This task is designed for students and researchers who want to create their first Open Source project (software or non-software) on GitHub. GitHub is really a place for you to come and play and experiment with new research workflows, and is really just the beginning to help set the stage for your own pathways and ideas.
Estimated time to complete: 30-45 minutes.
Estimate time saving once complete: Unimaginable..
The workflow for Task 1. Keep this handy as you work through the task!
A ‘repository’ is really just a fancy name for a project on GitHub. GitHub is a place online where you can manage projects, store files, and openly collaborate with others. This is all achieved by using version control to track projects as they progress. As such, GitHub is a powerful tool for both software and non-software projects.

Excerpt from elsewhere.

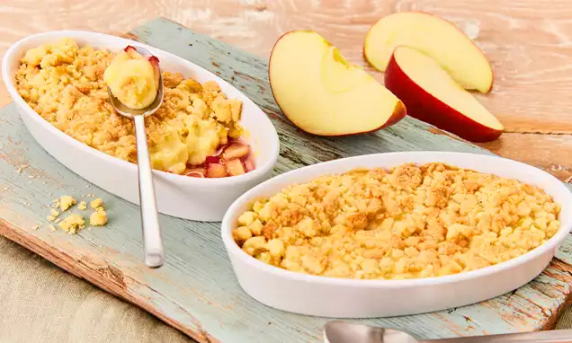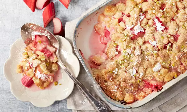 Der vegane Rhabarber-Erdbeer-Crumble sorgt nicht nur bei Frucht-Freunden für ein himmlisches Geschmackserlebnis. Dieser fruchtig-knusprige und noch dazu vegane Nachtisch lässt sich nicht nur kalt, sondern auch wunderbar warm genießen.

One of the most important things to consider at this early stage is to think about how you want the wider community to interact with your project. As you are working in the open, you want to make sure others feel comfortable in accessing, viewing, and engaging with your work. Setting up a repository in a way that lowers the barriers to entry, and the fear of being an ‘outsider’ is the first step towards maintaining a successful project.
Octocat, GitHub's little mascot
To set up a GitHub profile, simply head to the main page and click Sign Up for GitHub. Here, you can create your personal account, with a username, email, and password as standard.
Sign up for GitHub
The next step is to set up a personal plan. For now, simply select the ‘Unlimited public repositories for free’ plan, unless you are concerned about privacy, in which case select the private plan. If you intend to set up a project for an organisation, you can select that option too.
This is possibly the most confusing and off-putting aspect of GitHub. Here are some of the most commonly used terms and their definitions:
Whew! Don’t worry about memorising all of these for now. Like any new skill, familiarity comes with experience.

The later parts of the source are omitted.